7:29 pm on Oct 14, 2010 (gmt 0)

10+ Year Member





Hi peeps, sorry to impose on your forum, i have an issue with duplicate urls on site which was as a result of trying to clean up the urls mass scale.

We basically had urls which contain /? and we decided to get rid of the / in all urls, we tried getting ridf of the question mark but had little to no joy at all.

The urls in question look very much like this.


http://www.example.com/Deus-Ex/?asin=B0PRT8RMB1 duplicate url

http://www.example.com/Deus-Ex?asin=B0PRT8RMB1 correct url.

The problem we face is we have 50,000 pages like this, all of which are keyworded but contain both /? and ?

Would it be possible to mass redirect and how would i go about doing such a task?

Would i have to get the 50,000 matching the correct urls first or could i add some code to simply delete these /? as google find them in webmasters?

Thanks alot, had this issue for a long time and really playing havoc in my webmasters as you can imagine.

Alex

g1smd

7:49 pm on Oct 14, 2010 (gmt 0)

WebmasterWorld Senior Member 10+ Year Member Top Contributors Of The Month



Use an end-anchored RewriteRule pattern that checks the incoming request has a trailing slash, and captures all but the trailing slash in a backreference.
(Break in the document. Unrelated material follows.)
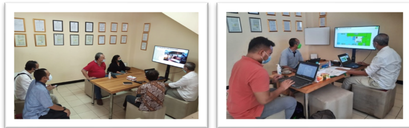
Gambar 4. Dokumentasi penyusunan modul pelatihan.

Use a preceding RewriteCond to look at QUERY_STRING and make sure one is present.

The redirect target should include the protocol and the canonical domain name. Redirect using the captured backreference as the new URL path. Append the original query string to the new path. Use the [R=301,L] flags.

The solution for all of the URLs is two lines of trivial mod_rewrite code. This can redirect all URLs matching the specified pattern.

amavity

7:58 pm on Oct 14, 2010 (gmt 0)

10+ Year Member



Thanks for the useful information, in relation to the trivial mod-rewrite, how would the code be written to match a specific pattern?

Thanks again.

jdMorgan

6:09 pm on Oct 15, 2010 (gmt 0)

WebmasterWorld Senior Member 10+ Year Member



The problem with getting replies here has to do with two things.

First, please take a look at our Forum Charter -- and note the links at the end, too.

Second, it is not clear which parts of your URLs vary among those 50,000 URLs, and which parts are fixed. It is also not clear what the "character set" used in the varying parts might be. So no-one can make any useful suggestions for a rule or for the regular expression needed for that rule.

For example, does "DeusEx" URL-path change, or just the "asin" number in the appended query string? Is the "asin" number related to the URL-path "name" in some way?

Several good solid examples of maximally-different incorrect URL-paths with query strings might be very helpful at getting a useful reply....

Jim